These can be solved by adding the two equations together

## For denominators of the form $(ax+b)(cx+d{)}^{2}$:

- Write this as three partial fractions with numerators $A$, $B$ and $C$
- The denominators should be $ax+b$, $cx+d$ and $(cx+d{)}^{2}$
- Once you have combined the three partial fractions, you can divide both sides by $(cx+d)$
- From here, the method is the same as usual

**a6** Using partial fractions with the binomial expansion:

- For binomial expansion, you need the form $(1\pm x{)}^{n}$
- So you'll need to expand each partial fraction separately and sum them
- If the numerator of a partial fraction is not $1$, move it out of the fraction.
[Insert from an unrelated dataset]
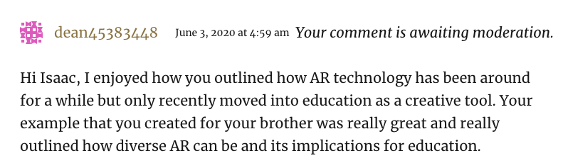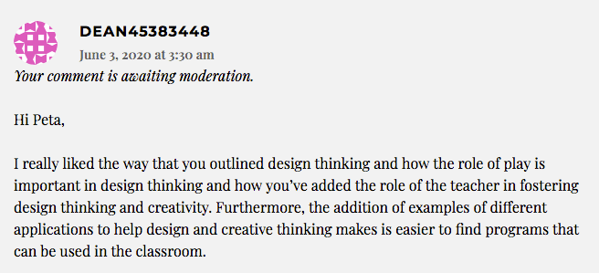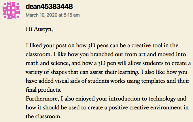 Community Engagement Comments on Peers Blogs Austyn’s Critique on 3D Pens Jack’s Critique on Sketches School https://educationtechnologycreativity.wordpress.com/2020/03/31/design-thinking-and-learning-by-design/comment-page-1/?unapproved=10&moderation-hash=09dda5b4efaf8a625e69052b255ee678#comment-10 https://georgiaerj.school.blog/2020/03/21/computational-thinking/comment-page-1/#comment-24 https://npoullos.wordpress.com/2020/04/14/robotics-beebot/comment-page-1/#comment-6 https://isaacsmith.school.blog/2020/04/10/week-6-augment-reality/comment-page-1/?unapproved=9&moderation-hash=efe25a0aa0140a78822bcf9d859edbdc#comment-9 Share this: Share on X (Opens in new window) X Share on Facebook (Opens in new window) Facebook Like Loading...

For example, if you have the partial fraction $\frac{5}{x+1}$, you can write this as $5\times \frac{1}{x+1}$ and then $5(1+x{)}^{-1}$
- If the denominator contains a constant that is not $\pm x$, you can use the same procedure. For example, if you have the partial fraction $\frac{1}{x+2}$, you can factorise the denominator to $2(1+\frac{x}{2})$ to make $\frac{1}{2(1+\frac{x}{2})}$. Now move the $\frac{1}{2}$ outside the fraction; $\frac{1}{2}(1+\frac{x}{2}{)}^{-1}$

# Trigonometry

**t1** Reciprocal trigonometrical functions:

- $\mathrm{cosec}\theta =$ $\frac{1}{\mathrm{sin}\theta}$
- $\mathrm{sec}\theta =$ $\frac{1}{\mathrm{cos}\theta}$
- $\mathrm{cot}\theta =$ $\frac{1}{\mathrm{tan}\theta}$
- You can remember these by looking at the third letter of the reciprocal function name - the third letter of $\mathrm{cosec}$ is $s$ (first letter of $\mathrm{sin}$), the third letter of $\mathrm{sec}$ is $c$ (first letter of $\mathrm{cos}$), etc
- These functions are undefined when the denominator would be $0$. For example, $\mathrm{cosec}\theta $ is undefined when $\mathrm{sin}\theta =0$: ${0}^{\circ},\text{}{180}^{\circ},\text{}{360}^{\circ},\text{}...$

**t2** Reciprocal trigonometrical function graphs:

- In the below graphs, the red line is the original trigonometrical function and the blue line is the reciprocal function
- $y=\mathrm{cosec}x$ has vertical asymptotes every ${180}^{\circ}$, starting at ${0}^{\circ}$
- $y=\mathrm{sec}x$ has vertical asymptotes every ${180}^{\circ}$, starting at ${90}^{\circ}$
- $y=\mathrm{cot}x$ has vertical asymptotes every ${180}^{\circ}$, starting at ${0}^{\circ}$

**t3** Reciprocal trigonometrical function relationships:

- The following can sometimes be used for simplification:

${\mathrm{tan}}^{2}\theta +1\equiv {\mathrm{sec}}^{2}\theta $

${\mathrm{cot}}^{2}\theta +1\equiv {\mathrm{cosec}}^{2}\theta $ - You can derive them by starting with ${\mathrm{sin}}^{2}\theta +{\mathrm{cos}}^{2}\theta \equiv 1$ (from C2) and dividing both sides by ${\mathrm{sin}}^{2}\theta $ or ${\mathrm{cos}}^{2}\theta $

**t4** Compound angle formulae:

- Compound angle formulae are used when you have an angle containing two known angles. We call these angles $\theta $ and $\varphi $. They are given in the formula booklet in the following form:

$\mathrm{sin}(\theta \pm \varphi )=\mathrm{sin}\theta \mathrm{cos}\varphi \pm \mathrm{cos}\theta \mathrm{sin}\varphi $

The two $\pm $s should be equal (i.e. both $+$ or both $-$)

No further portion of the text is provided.